How to import OpenAI NER pre-annotations

This tutorial explains how to use a powerful OpenAI Large Language Model (LLM) to generate pre-annotations, which will then be imported into a Named Entity Recognition (NER) Kili project.

Nowadays, LLMs are capable of performing many NLP tasks, including NER, without being explicitly trained on them, which is known as zero-shot learning.

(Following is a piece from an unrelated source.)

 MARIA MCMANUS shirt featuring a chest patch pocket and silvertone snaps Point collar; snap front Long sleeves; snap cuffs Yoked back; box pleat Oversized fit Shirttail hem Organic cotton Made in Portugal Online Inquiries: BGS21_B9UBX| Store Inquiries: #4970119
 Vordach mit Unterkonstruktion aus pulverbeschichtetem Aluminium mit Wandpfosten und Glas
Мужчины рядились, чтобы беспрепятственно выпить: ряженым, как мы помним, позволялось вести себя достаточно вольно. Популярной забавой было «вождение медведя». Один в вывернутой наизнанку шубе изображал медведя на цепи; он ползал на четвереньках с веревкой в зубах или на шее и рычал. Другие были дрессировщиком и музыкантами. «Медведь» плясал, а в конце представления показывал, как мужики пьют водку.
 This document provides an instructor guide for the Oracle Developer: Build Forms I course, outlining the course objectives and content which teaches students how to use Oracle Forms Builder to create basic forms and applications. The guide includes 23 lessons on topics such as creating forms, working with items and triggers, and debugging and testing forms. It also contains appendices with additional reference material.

By using a well-designed prompt, we can generate high-quality pre-annotations for the NER task, as demonstrated in the pre-annotations quality evaluation section of this tutorial.

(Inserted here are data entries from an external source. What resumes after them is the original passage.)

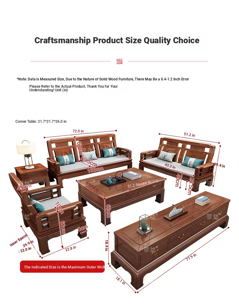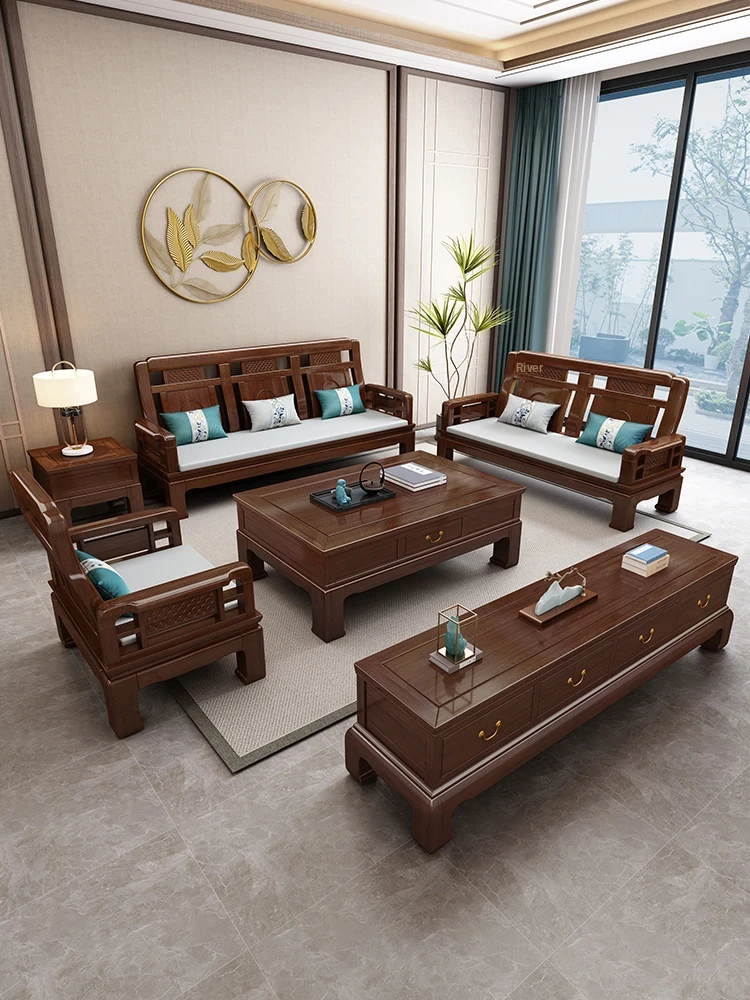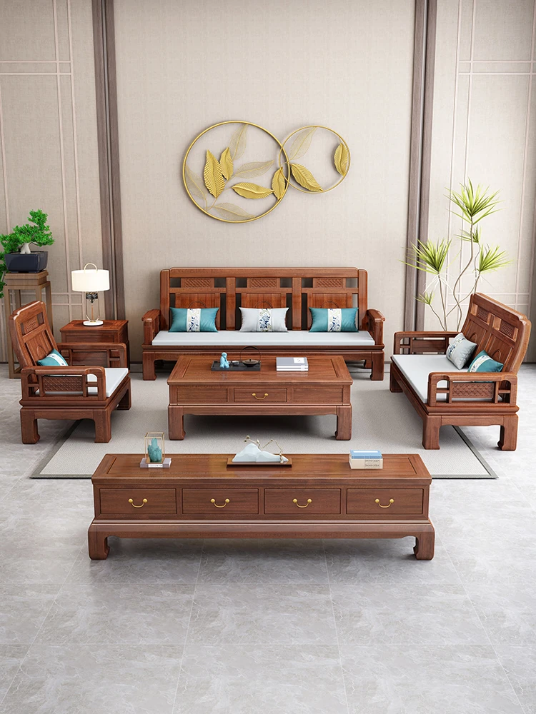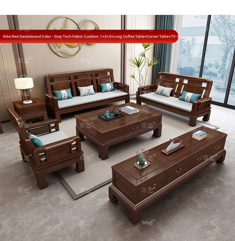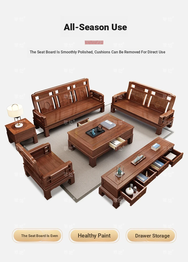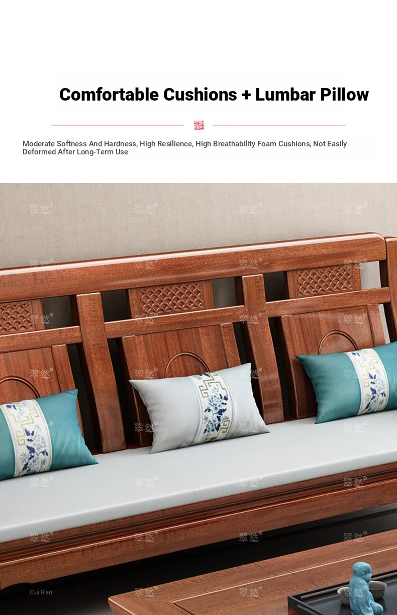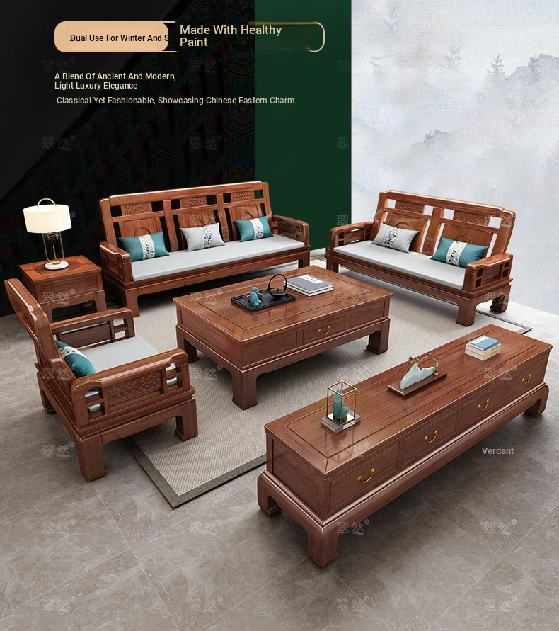 Classic Chinese Solid Wood Sofa for Living Room - Versatile Three-Seater for Winter and Summer, Ideal for Small Rural Homes - Crafted from Quality Oak Furniture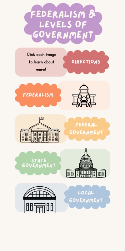 Federalism is a system of government where power is shared between a central government and smaller governments. In the United States, this means the national government is the center government and the state and local governments are the smaller governments. The national, state, and local governments each have their own responsibilities but also work together to make laws and serve the people. This system helps make sure no single part of the government has too much control or power.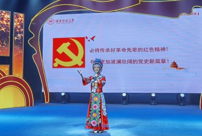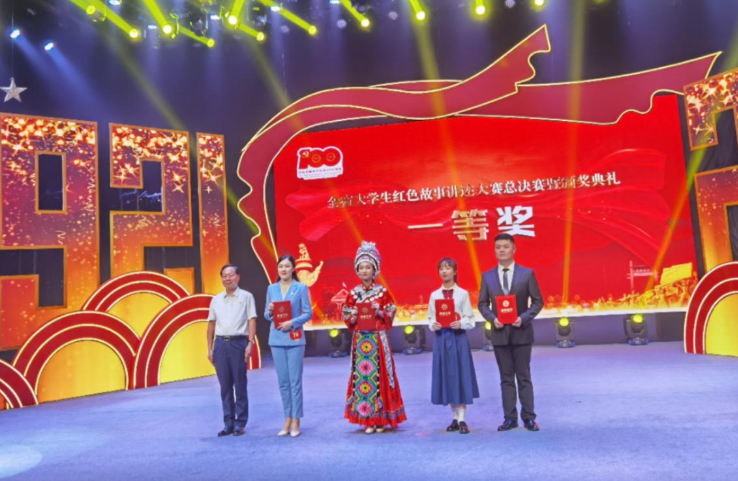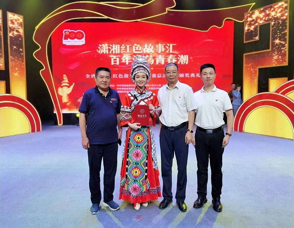 比赛现场,参赛选手们以湖湘革命先辈、开国将帅、英雄模范和在百年党史历程中具有重大影响的历史事件为基本素材,紧扣红色主题,从自身独特视角出发,讲述红色故事。公司william威廉亚洲硕士研究生江静雪第一位出场,以《一首湘西民歌的家国情》为题,深情讲述了湘西土家民歌《马桑树儿搭灯台》背后集思想性、故事性、教育性于一体的红色故事,生动诠释了在百年党史中中国共产党员的初心使命与家国情怀,感动了在场所有评委与观众,最终荣获全省最高奖。

Throughout this tutorial, we will thus:

Load a dataset CoNLL2003 from the HuggingFace datasets library.
Learn how to use the OpenAI API to generate pre-annotations.
Import data and labels into a NER project on Kili.
Evaluate the quality of the generated pre-annotations.

Setup

Let's start this tutorial by installing the packages we will need later on.

%pip install kili datasets evaluate ipywidgets openai scikit-learn numpy rich

import getpass
import json
import os
from collections import defaultdict

import numpy as np
import openai
from rich.console import Console
from rich.table import Table

Data preparation

In this tutorial, we will use the CoNLL2003 dataset from the Hugging Face repository. This dataset contains more than 10,000 sentences annotated with named entities.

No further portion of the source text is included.